Beginning in 2004, Dobbs was a correspondent for HDNet television's documentary-style HDNet World Report. He also provided live reports, along with Dan Rather, on primary and general election nights in 2008, and also covered the U.S. space program for HDNet, anchoring live from Florida for every space shuttle launch after the Columbia disaster. Between ABC and HDNet, Dobbs has reported from more than 80 countries around the world.

He has covered presidencies, politics, and the U.S. space program at home, and wars, natural disasters, and other crises around the globe, from Afghanistan to South Africa, from Iran to Egypt, from the Soviet Union to Saudi Arabia, from Nicaragua to Namibia, from Vietnam to Venezuela, from Libya to Liberia, from Panama to Poland.

Many of his adventures and experiences, seeing the world at its best but also at its worst, are recounted in his book "Life in the Wrong Lane."

In addition to his time with television networks, Dobbs hosted a radio talk show on Denver station KOA from 1993 to 1997 and was the morning-drive host on the short-lived KNRC.

He has been a columnist for The Denver Post, the defunct Rocky Mountain News (2001-2002), and syndicated for the Scripps Howard News Service. From 2003 to 2009, he hosted the television program Colorado State of Mind on Rocky Mountain PBS, for which he won another Emmy.

He also has been a consultant for the Counterterrorism Education Learning Lab.

He has been publishing on the online platform Substack since 2021.

==Publications==
- Better Broadcast Writing, Better Broadcast News. Milton Park: Routledge (2005). ISBN 9780205359943.
- Life in the Wrong Lane. Bloomington: iUniverse (2009). ISBN 9781440152764.
- “1969: Are You Still Listening?”

==Awards==
Dobbs has won two national Emmy Awards for "Best Spot News Coverage on a Network" and "Best Network Documentary". He was awarded his first Emmy for his reporting on southern Italy's 1980 Irpinia earthquake. He won a second Emmy in 1989 for Burning Questions: The Poisoning of America, an ABC News special that aired in September 1988.

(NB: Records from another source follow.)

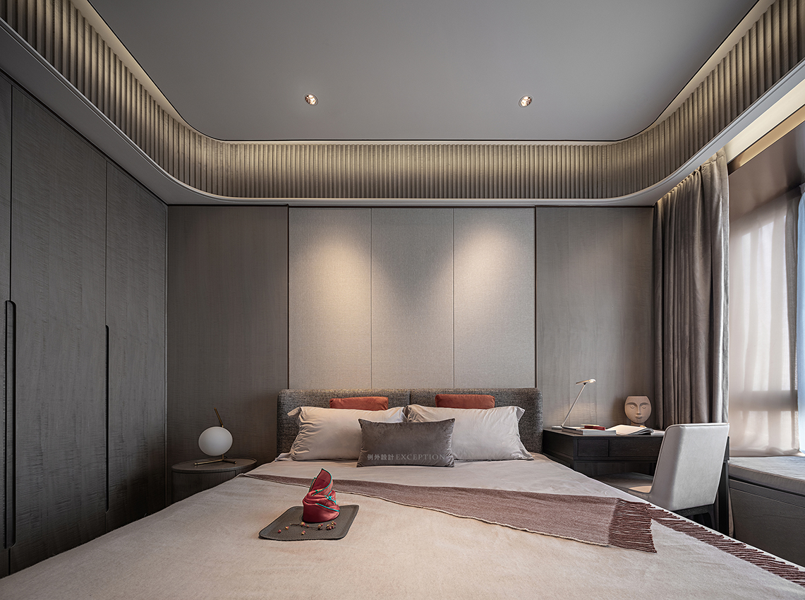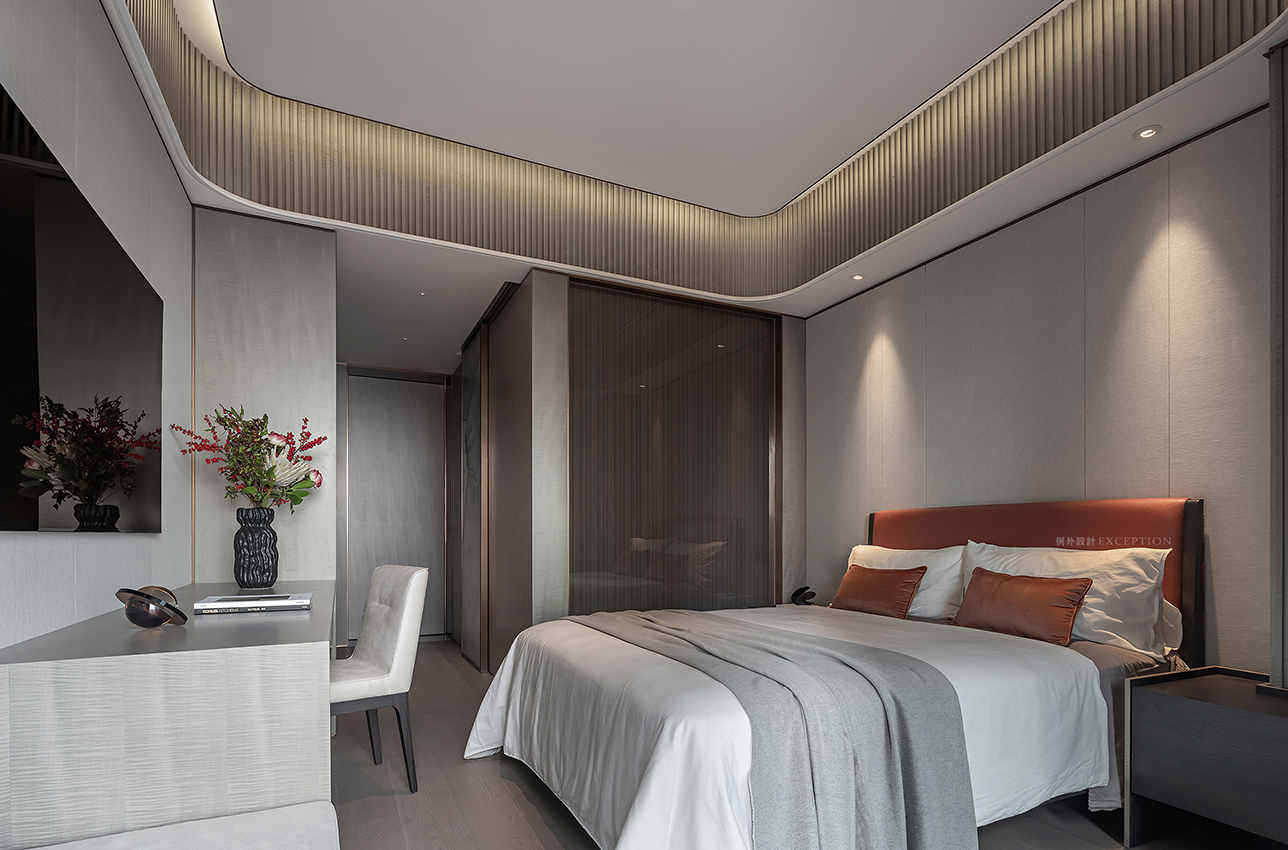 主臥作為套房空間,靜奢而不失生活的藝術(shù)感。方正的格局搭配圓弧形轉(zhuǎn)角沙發(fā),為私域空間增加了豐富的生活場(chǎng)景。不規(guī)則金屬吊燈錯(cuò)落有致,將空間的品質(zhì)感再次提升。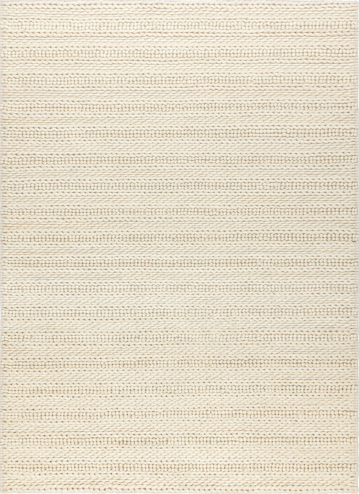 Krémový koberec Tahar 99001B ručně tkaný čistě z vlny, která působí hřejivě a přirozeně. Vyniká výraznou smyčkovou strukturou s robustními uzly v liniovém vzoru. Tento koberec se hodí do obývacího pokoje, ložnice nebo útulné pracovny, kde zjemní prostor a zároveň dodá vizuální zájem. Vlna výborně izoluje, tlumí hluk a je přirozeně odolná vůči znečištění. Díky ruční výrobě má každý kus svůj jedinečný charakter. Výška vlasu: 0 mm.
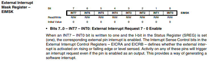 EIMSK(External Interrupt Mask Register) - INT0~INT7번까지 핀중에 사용할 핀을 SET 시켜줘야 그 핀을 외부인터럽트로 사용할 수 있게 됩니다.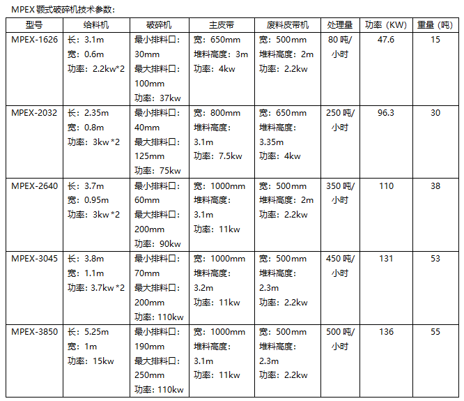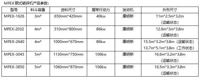 MPEX移動(dòng)顎式破碎機(jī)技術(shù)參數(shù):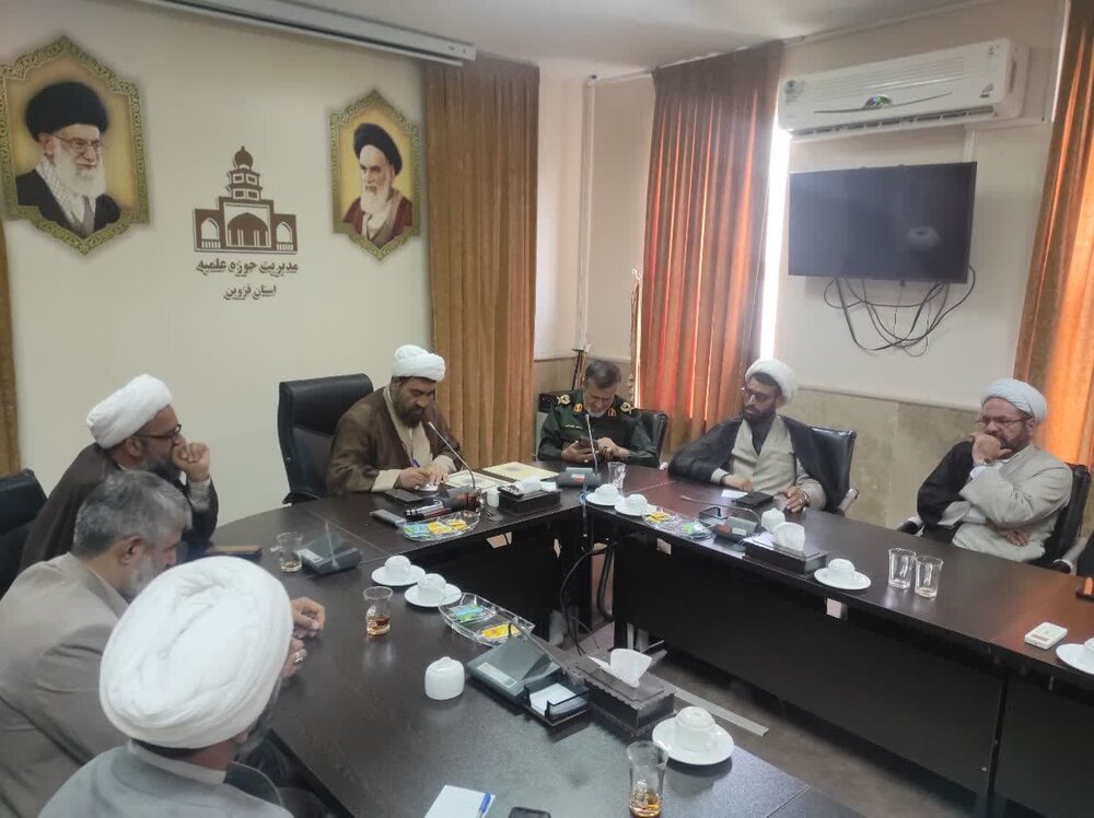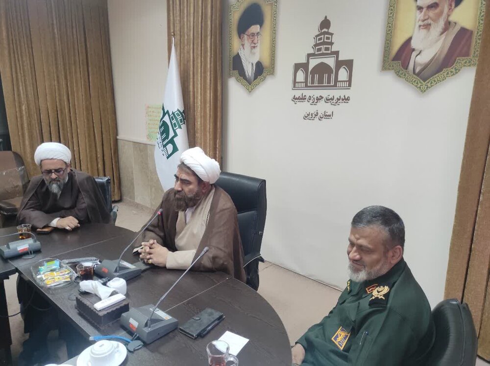 حوزه / سردار رستمعلی رفیعی آتانی (فرمانده سپاه استان قزوین ) امروز با حجت الاسلام والمسلمین اصغر عرفانی (مدیر حوزه علمیه قزوین ) ومعاونین مرکز مدیریت حوزه علمیه قزوین دیدار وگفتگو کرد

He is the recipient of the Distinguished Service Award from the Society of Professional Journalists and was inducted into the Denver Press Club Hall of Fame in 2017.

==Personal life==
Dobbs has a daughter and two sons. He and his wife Carol live in Colorado. He is active on community non-profit boards. He also has worked in Vail, Colorado for the past ten years with a unit that patrols the slopes and helps injured skiers as an arm of ski patrol.